The defendants assert in their summary judgment motion that inmates had the option of using a yarmulke as a head covering prior to December 2019, but they cite no evidence in support of that assertion. ECF 67 at 14.
Here, it is undisputed Williams was not allowed access to a formal kufi or prayer rug prior to December 17, 2019, at which time he received a formal kufi and prayer rug. Thus, because it is undisputed Williams received a formal kufi and prayer rug on December 17, 2019, summary judgment is warranted in Sheriff Redman's favor to the extent Williams argues the SJCJ's policy of not allowing him access to a kufi and prayer rug between December 17, 2019, and August 2020 violated his rights under RLUIPA. It only remains to be determined whether the SJCJ's policy of not allowing Williams access to a formal kufi and prayer rug between August 2019 and December 17, 2019, violated his rights under RLUIPA.
Sheriff Redman does not contest that using a towel in lieu of a prayer rug was a substantial burden on Williams' religious exercise, nor does he contest that the lack of a kufi before December 17, 2019, was a substantial burden as well.
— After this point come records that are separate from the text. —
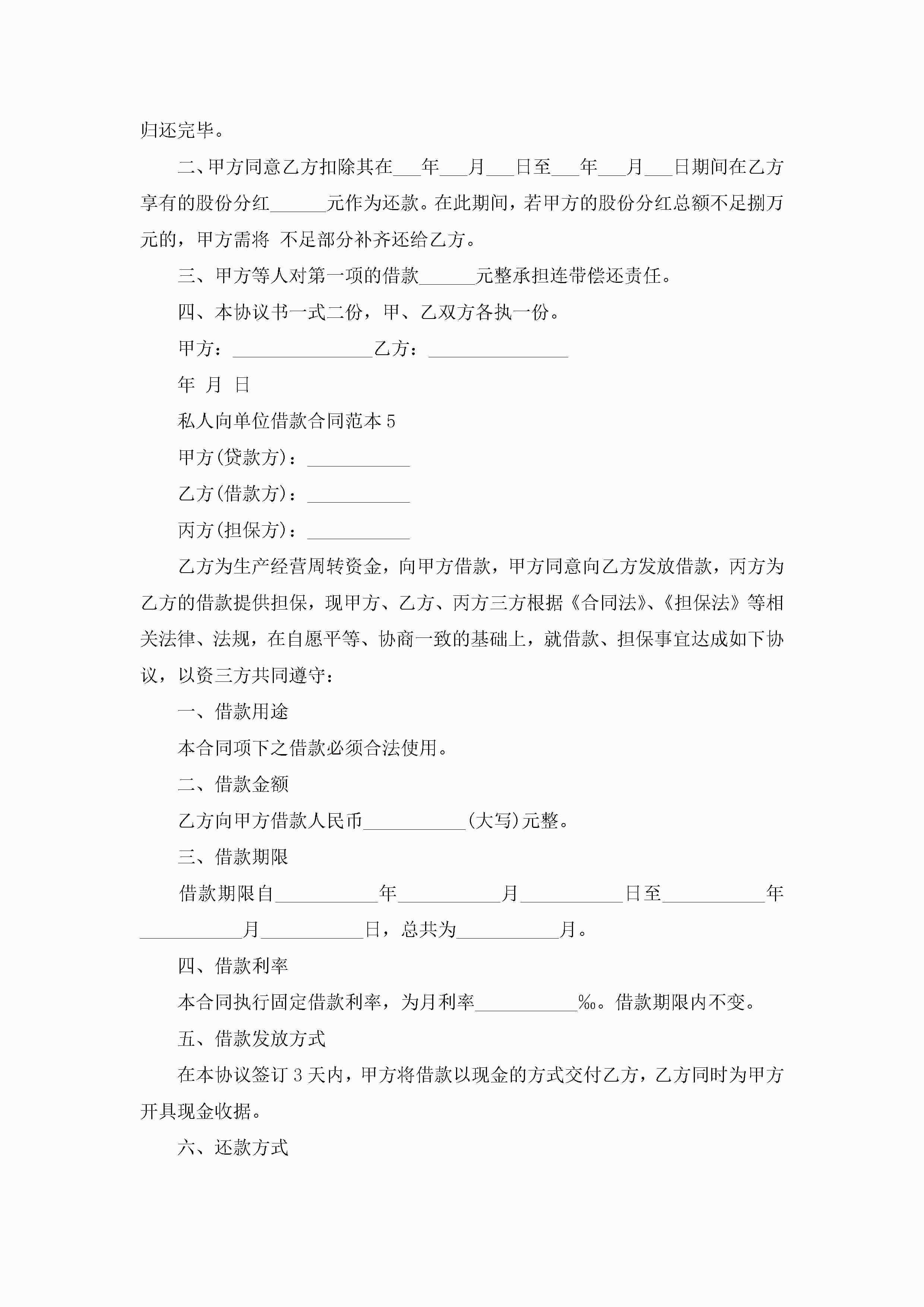 私人向单位借款合同范本5篇jugei3月23日 01:40发布关注196 私人向单位借款合同范本5篇此内容为付费资源,请付费后查看¥10.9 单篇文档限时特惠¥15个人会员开通企业会员开通立即下载无需登陆!可直接快捷下载单个模板付费资源© 版权声明THE ENDWord模板# 实用文档# 实用模板# 合同模板# 借款合同 如有问题,可点击最底部“联系我们”联系客服 分享QQ空间微博QQ好友海报分享复制链接收藏
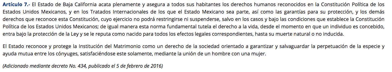 Antes de hablar de lo que pasó, hablemos del artículo 7 de la Constitución de Baja California, que reconoce “el derecho a la vida desde el momento en que un individuo es concebido”, además desde que desde ese momento se le “reputa como nacido para todos los efectos legales correspondientes”.
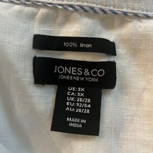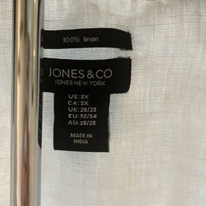 Woman’s plus size 100% linen lightweight jean jacket. New without tags. 26” long , 28 inches across, armpit to armpit. White.

Thus, the court turns to whether the restriction furthered a compelling governmental interest and was the least restrictive means necessary to achieve that interest. In his summary judgment motion, Sheriff Redman does not provide any explanation for why the SJCJ did not allow inmates access to formal kufis and prayer rugs prior to December 17, 2019. See ECF 67 at 6. Summary judgment must be denied on this claim.
Prayer beads
Williams is proceeding against Sheriff Redman for violating his rights under RLUIPA by enforcing a policy between August 2019 and August 2020 that did not allow him to possess prayer beads. ECF 23 at 10. Sheriff Redman concedes the SJCJ has a policy prohibiting inmates from possessing any prayer beads, and he does not dispute that this substantially burdened Williams' religious exercise. ECF 67 at 14. Instead, Sheriff Redman argues the SJCJ's policy banning prayer beads furthers its compelling interest in maintaining the safety and security of the jail, as prayer beads can be used to hide contraband, as a weapon against other inmates, to identify gang affiliation, or for self-harm. ECF 67 at 6-7.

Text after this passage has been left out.